TASK GOAL = Once the line holding "Crafted with mesh" is found in the entries below, transcribe exactly every line up to and including the one holding "Готовая домашняя работа", but leave out the pictures.

DATA SECTION =
▬▬▬▬▬▬▬▬▬▬

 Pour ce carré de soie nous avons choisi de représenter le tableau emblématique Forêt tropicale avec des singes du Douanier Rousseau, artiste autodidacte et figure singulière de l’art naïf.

▬▬▬▬▬▬▬▬▬▬

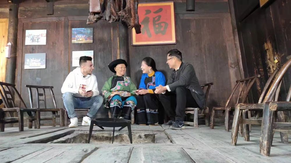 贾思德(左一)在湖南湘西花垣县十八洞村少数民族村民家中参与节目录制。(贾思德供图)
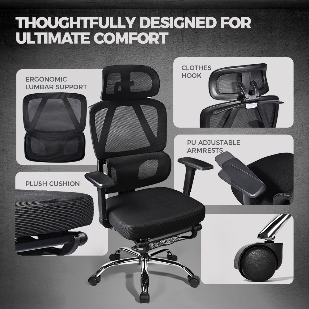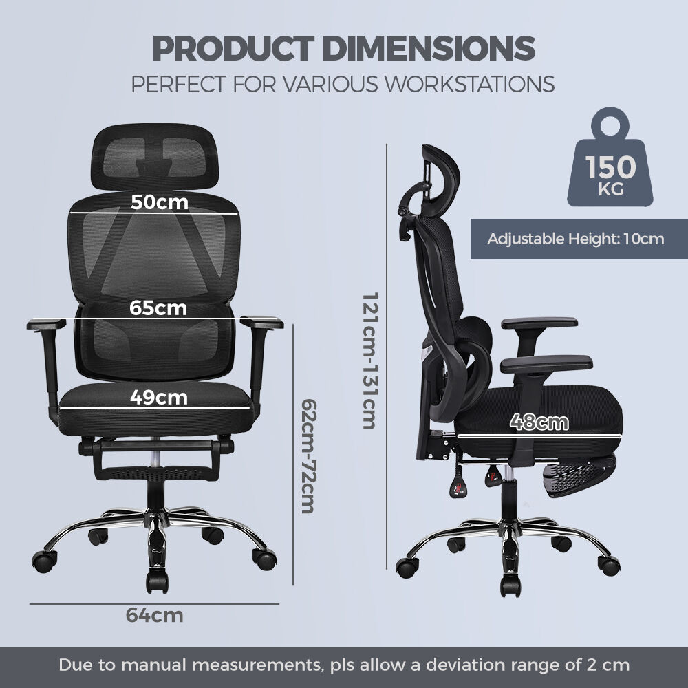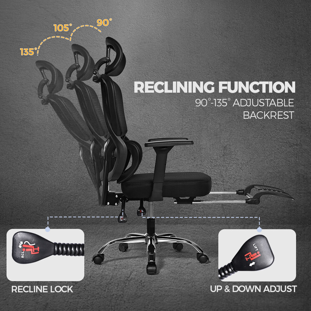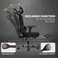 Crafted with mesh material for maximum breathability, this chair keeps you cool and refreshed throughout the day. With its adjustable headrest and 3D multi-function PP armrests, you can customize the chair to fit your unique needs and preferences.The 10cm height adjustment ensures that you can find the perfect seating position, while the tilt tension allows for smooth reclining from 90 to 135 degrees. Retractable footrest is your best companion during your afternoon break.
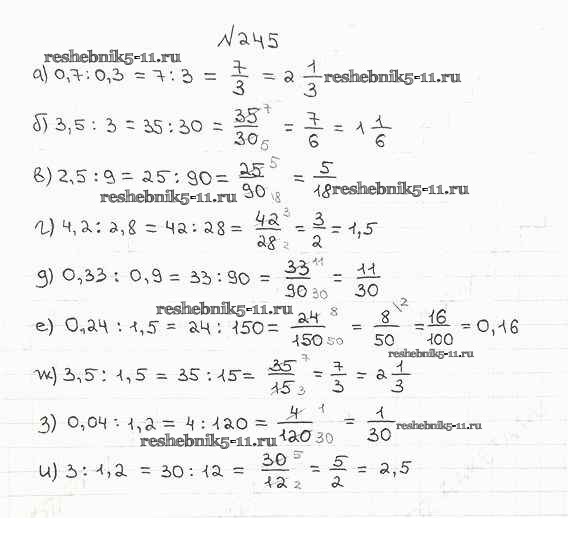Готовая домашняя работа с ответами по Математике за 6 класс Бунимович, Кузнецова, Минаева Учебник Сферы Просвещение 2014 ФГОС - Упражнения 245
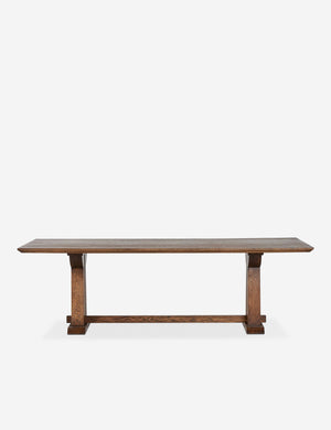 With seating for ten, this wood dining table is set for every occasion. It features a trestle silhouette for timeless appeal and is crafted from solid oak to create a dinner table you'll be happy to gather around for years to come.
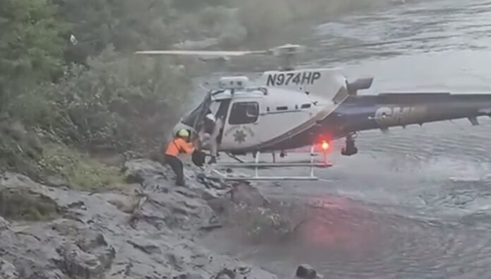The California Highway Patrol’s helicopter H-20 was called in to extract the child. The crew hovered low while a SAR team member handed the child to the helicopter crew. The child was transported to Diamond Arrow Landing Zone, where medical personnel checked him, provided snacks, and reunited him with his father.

▬▬▬▬▬▬▬▬▬▬

ANSWER BOX =
 Crafted with mesh material for maximum breathability, this chair keeps you cool and refreshed throughout the day. With its adjustable headrest and 3D multi-function PP armrests, you can customize the chair to fit your unique needs and preferences.The 10cm height adjustment ensures that you can find the perfect seating position, while the tilt tension allows for smooth reclining from 90 to 135 degrees. Retractable footrest is your best companion during your afternoon break.
Готовая домашняя работа с ответами по Математике за 6 класс Бунимович, Кузнецова, Минаева Учебник Сферы Просвещение 2014 ФГОС - Упражнения 245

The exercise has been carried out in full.